Wednesday, October 17, 2012

David Hicks demands investigation

Former Guantanamo Bay inmate David Hicks has demanded a full investigation into his jailing after a landmark US court decision, as lawyers said his conviction should be quashed.

Hicks was returned to Australia in April 2007 following a plea deal that saw him serve a nine-month sentence at home for providing material support for terrorism after nearly six years in Guantanamo.

But his conviction was cast into doubt after the US Court of Appeals ruled that material support for terrorism was not a war crime, and could not in any case be applied to Hicks because the relevant law was passed only in 2006.

The ruling was made as the Washington appeals court threw out the conviction of Osama bin Laden's former driver Salim Hamdan -- also once jailed at Guantanamo -- on the same charge.

"We have always said the conviction was doubtful and shouldn't stand," Hicks said.

"I want a full investigation.
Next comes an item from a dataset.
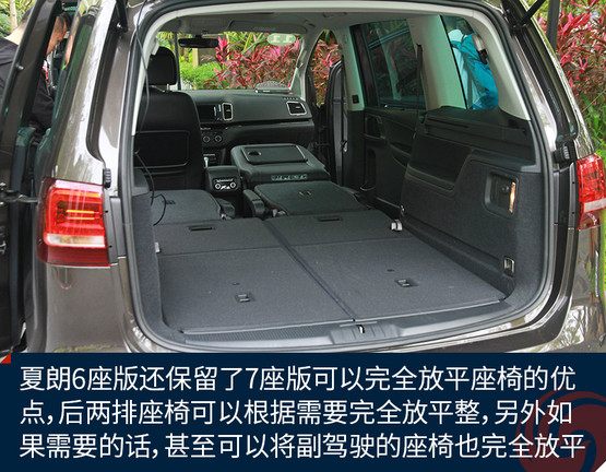 同時,夏朗6座版還保留了7座版可以完全放平座椅的優(yōu)點(diǎn),后兩排座椅可以根據(jù)需要完全放平整,只不過6座版在第二排中間會有個洞,不像7座版那么完美。另外如果需要的話,甚至可以將副駕駛的座椅也完全放平,將夏朗變成一款“商用車”。

The Australian government knew for years that the system was not fair, but it put me up before it anyway."

Mike Mori, who represented Hicks at his Guantanamo Bay hearings, said the court decision meant his conviction was unlawful, although the US government is reviewing the ruling and could still appeal.
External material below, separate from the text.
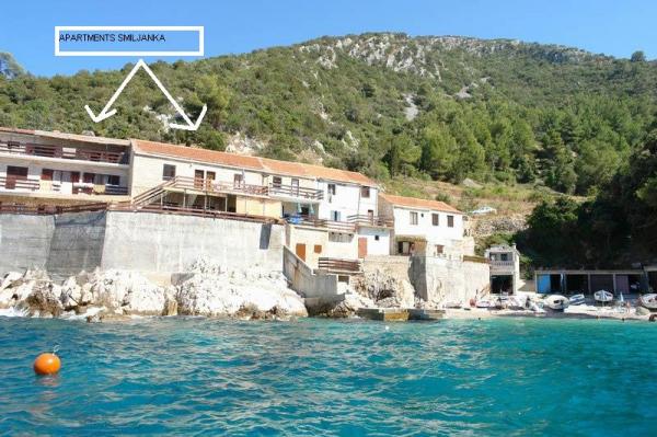 Robinson Smiljanka apartamente sunt situate în golful, respingând o parte retras de pe insula. Casă veche pescar de renovat pentru turism și oferă o vacanță ideală romantic pentru cei care doresc să scape de viața de zi cu zi ocupat. Accesul rutier ului (ultimul 3 km drum pietruit). Parcare și parcare gratar. Distanța de la Gdinj 20 min. de la plajă 20 m. Deși izolat și departe de civilizație solid și pur și simplu echipat pentru viața de zi cu zi. Panouri solare asigura iluminatul de încărcare acasă și telefonul mobil. Apa din rezervoare apa de ploaie. Apa rece a fost instalat în bucătărie și baie. In afara de dus încălzit de soare. Frigider și aragaz. Va oferim două apartamente: 1 APP (6 persoane) Cu două etaje, intrare separata in aer liber, cu vedere la mare. 2 dormitoare, baie, balcon, bucatarie, baie, terasa cu scaune în aer liber. 2 APP (8 persoane): pe două etaje, intrare separata in aer liber, cu vedere la mare. 3 dormitoare, 2 bai, balcon, bucatarie, terasa cu scaune în aer liber. Bun venit

"It (the charge of material support for terrorism) is null and void for conduct prior to 2006," he told ABC television.

"The foundation is rotten and the house is starting to crumble."

Mori said it was now up to Hicks's current lawyers to decide if they would formally seek to have his conviction overturned.

"I think it would be great for some official recognition that what he was put through was not fair and was not just," he said.